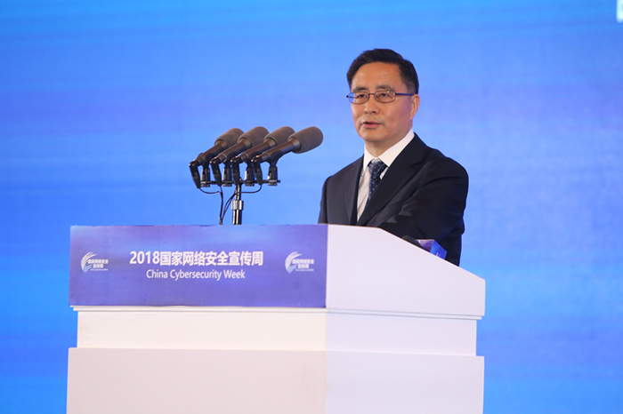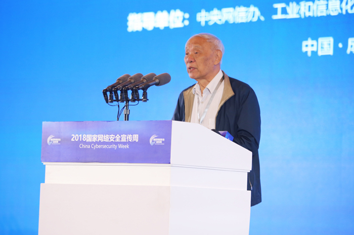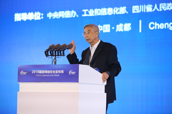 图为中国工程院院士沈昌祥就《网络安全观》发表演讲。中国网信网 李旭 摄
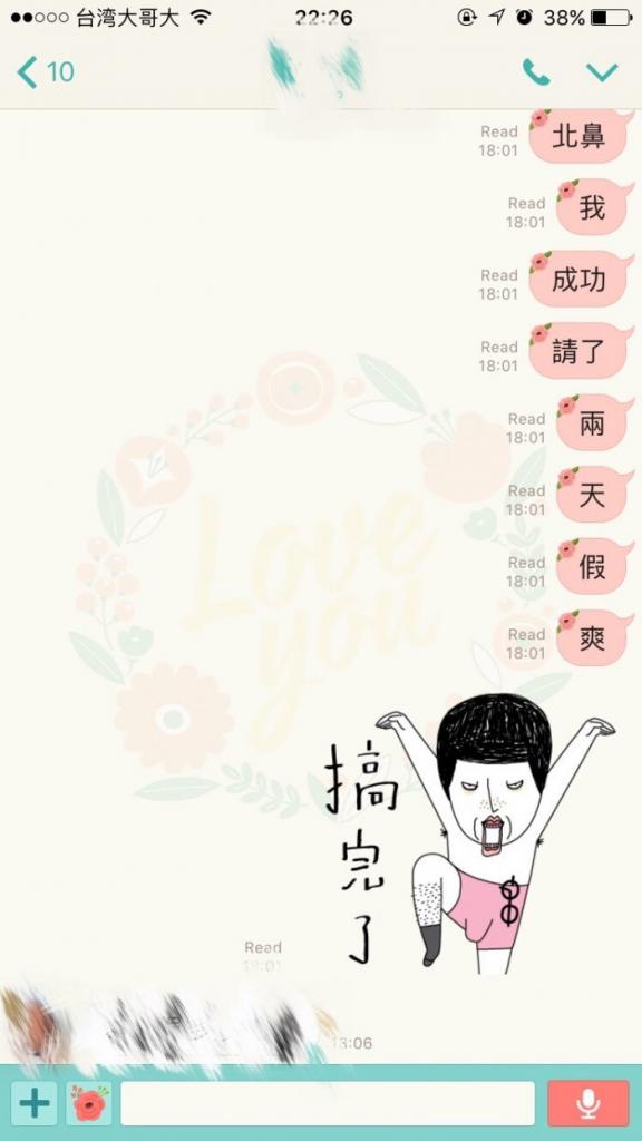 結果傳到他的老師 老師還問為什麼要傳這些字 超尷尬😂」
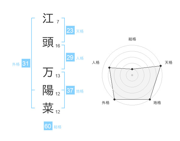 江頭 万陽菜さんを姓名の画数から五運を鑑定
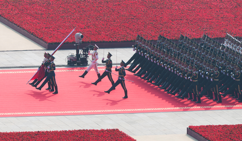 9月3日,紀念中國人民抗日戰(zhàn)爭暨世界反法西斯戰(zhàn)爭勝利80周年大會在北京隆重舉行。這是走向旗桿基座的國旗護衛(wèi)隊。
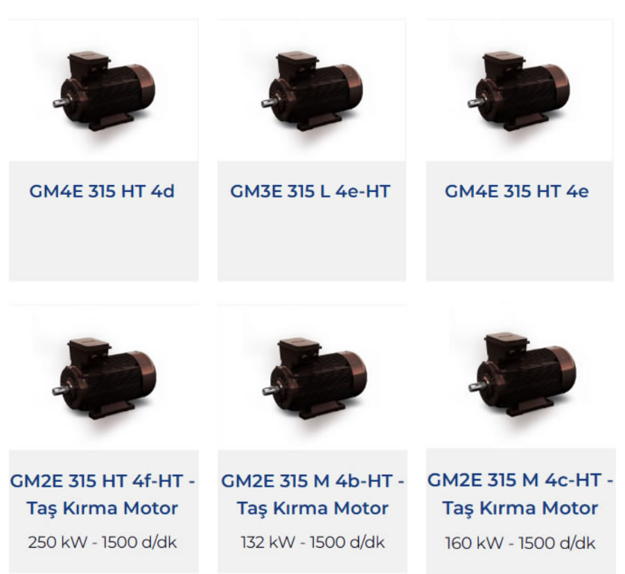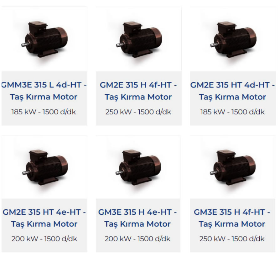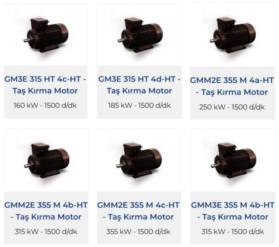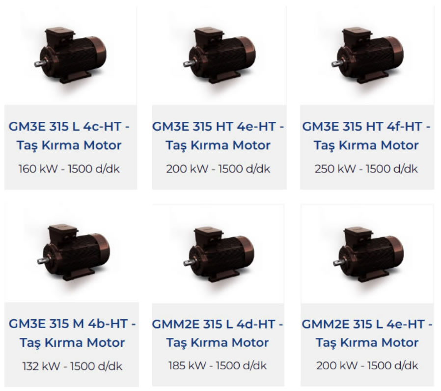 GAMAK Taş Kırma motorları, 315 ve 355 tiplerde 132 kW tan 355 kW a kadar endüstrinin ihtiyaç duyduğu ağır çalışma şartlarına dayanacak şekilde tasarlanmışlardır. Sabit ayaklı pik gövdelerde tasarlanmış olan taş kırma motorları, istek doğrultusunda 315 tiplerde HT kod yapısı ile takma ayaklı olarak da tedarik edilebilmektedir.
· · · ·
• [PROBLEM DESCRIPTION]
With pictures excluded, the lines running from the one containing "結果傳到他的老師 老師還問為什麼要傳這些字 超尷尬😂」" through the last line of the records above are to be restated exactly and in full.

• [SOLUTION TO THE EXERCISE]
 結果傳到他的老師 老師還問為什麼要傳這些字 超尷尬😂」
 江頭 万陽菜さんを姓名の画数から五運を鑑定
 9月3日,紀念中國人民抗日戰(zhàn)爭暨世界反法西斯戰(zhàn)爭勝利80周年大會在北京隆重舉行。這是走向旗桿基座的國旗護衛(wèi)隊。
 GAMAK Taş Kırma motorları, 315 ve 355 tiplerde 132 kW tan 355 kW a kadar endüstrinin ihtiyaç duyduğu ağır çalışma şartlarına dayanacak şekilde tasarlanmışlardır. Sabit ayaklı pik gövdelerde tasarlanmış olan taş kırma motorları, istek doğrultusunda 315 tiplerde HT kod yapısı ile takma ayaklı olarak da tedarik edilebilmektedir.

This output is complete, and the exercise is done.